— Input data —
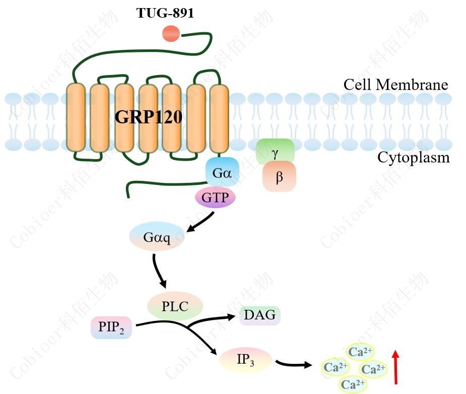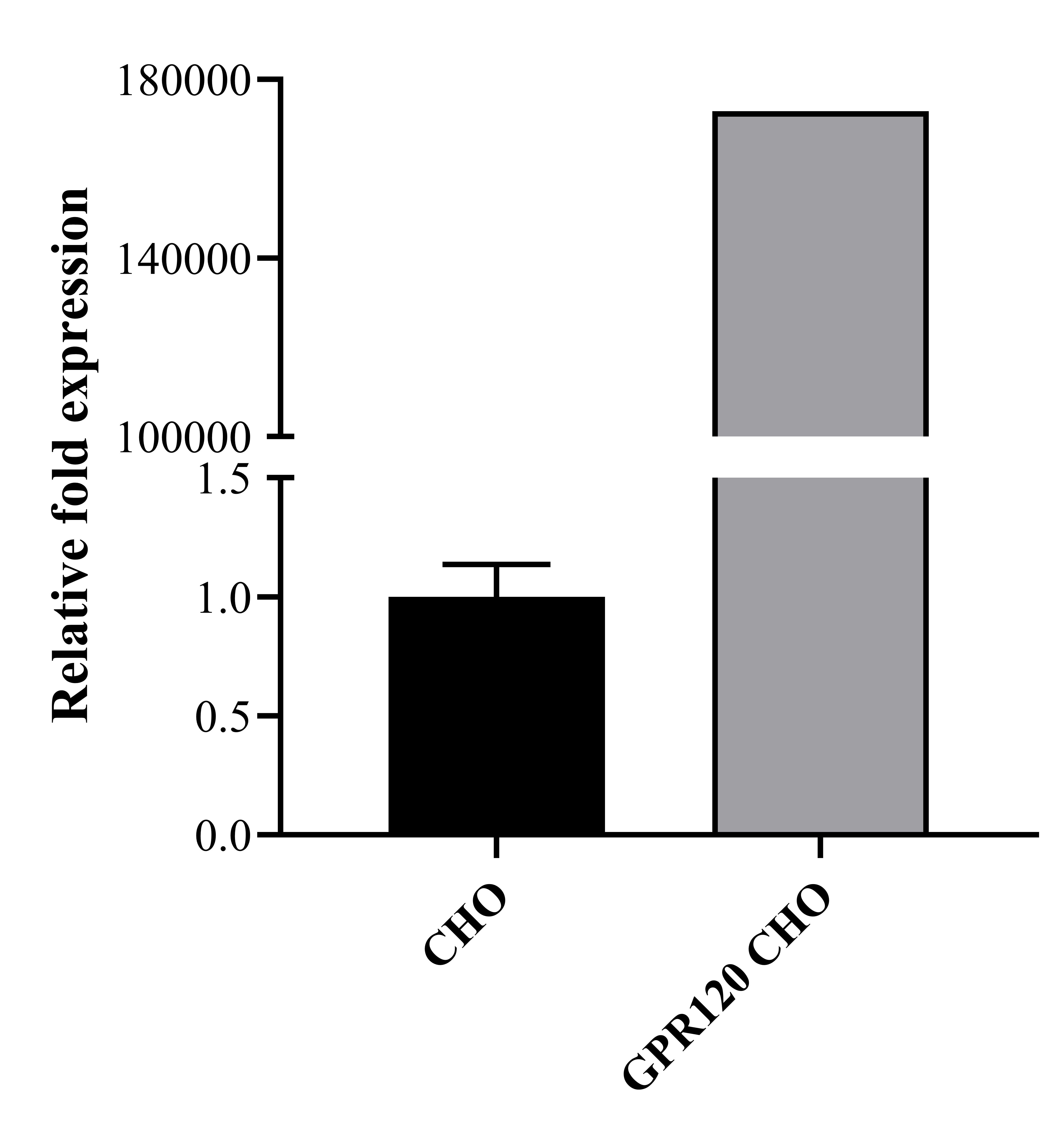 GPR120 與配體結合,導致 Gαq 亞基的激活,觸發(fā) PLC-γ,從而產(chǎn)生兩個(gè)第二信使: IP3 和 DAG,它們參與細胞內鈣動(dòng)員。GPR120 CHO 細胞藥靶模型很好的模擬了體內 GPR120 的信號轉導過(guò)程,原理見(jiàn)下圖所示。![]() Figure 1. GPR120 CHO 細胞模型原理圖 |
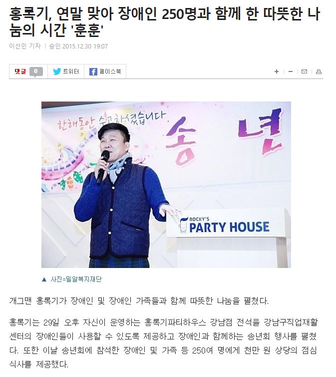 이전 [매일경제] 홍록기, 훈훈한 연말…장애인들과 함께한 송년회 다음 [아크로팬] 개그맨 홍록기, 연말맞아 250여명에게 송년파티 선물해
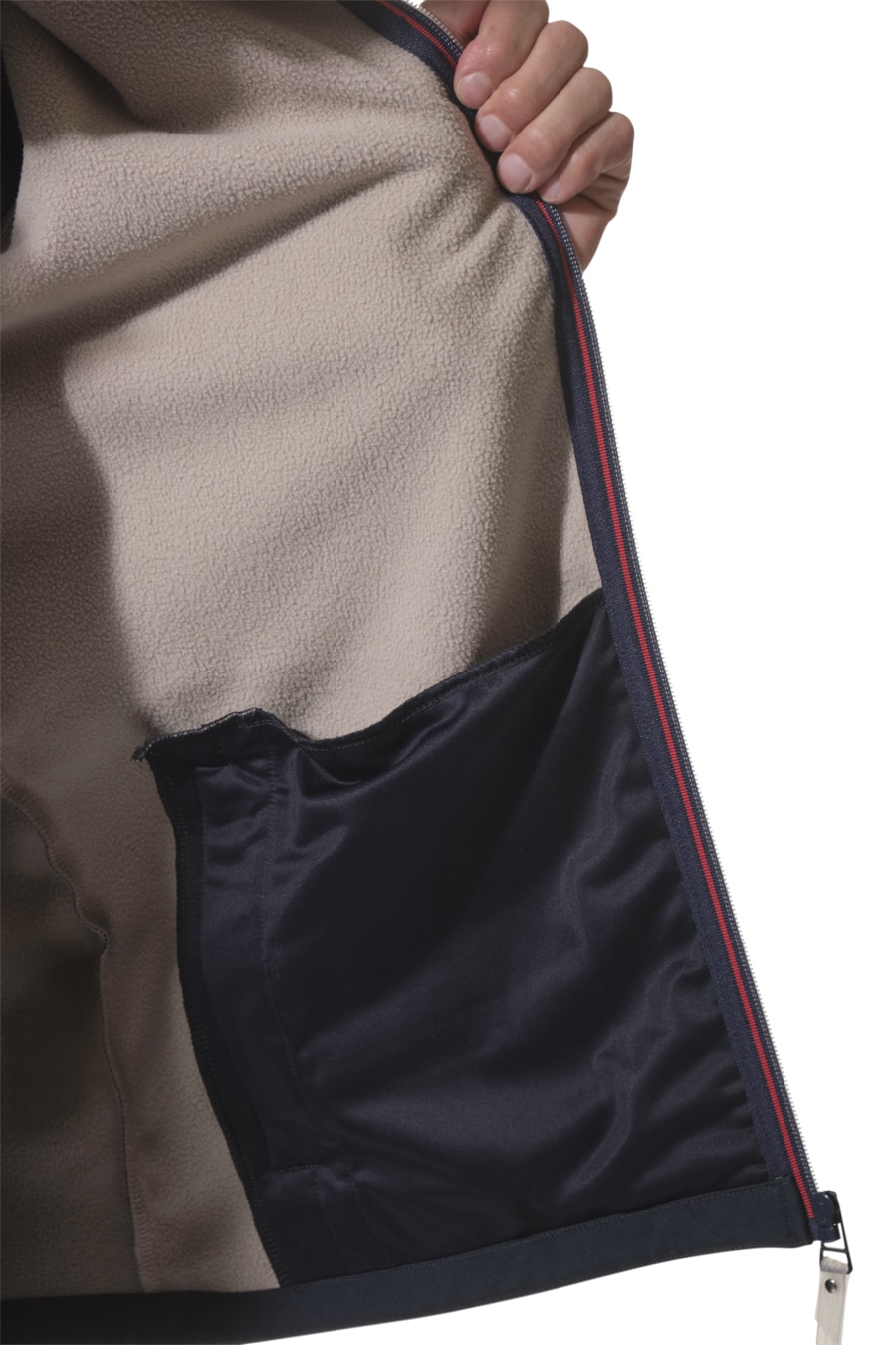Description : Blouson zippé avec capuche amovible en matière contre-collé polaire et softshell déperlant et respirant.

— What is needed —
Pictures stay out; all other material above is restated word for word.

— Written response —
 GPR120 與配體結合,導致 Gαq 亞基的激活,觸發(fā) PLC-γ,從而產(chǎn)生兩個(gè)第二信使: IP3 和 DAG,它們參與細胞內鈣動(dòng)員。GPR120 CHO 細胞藥靶模型很好的模擬了體內 GPR120 的信號轉導過(guò)程,原理見(jiàn)下圖所示。![]() Figure 1. GPR120 CHO 細胞模型原理圖 |
 이전 [매일경제] 홍록기, 훈훈한 연말…장애인들과 함께한 송년회 다음 [아크로팬] 개그맨 홍록기, 연말맞아 250여명에게 송년파티 선물해
Description : Blouson zippé avec capuche amovible en matière contre-collé polaire et softshell déperlant et respirant.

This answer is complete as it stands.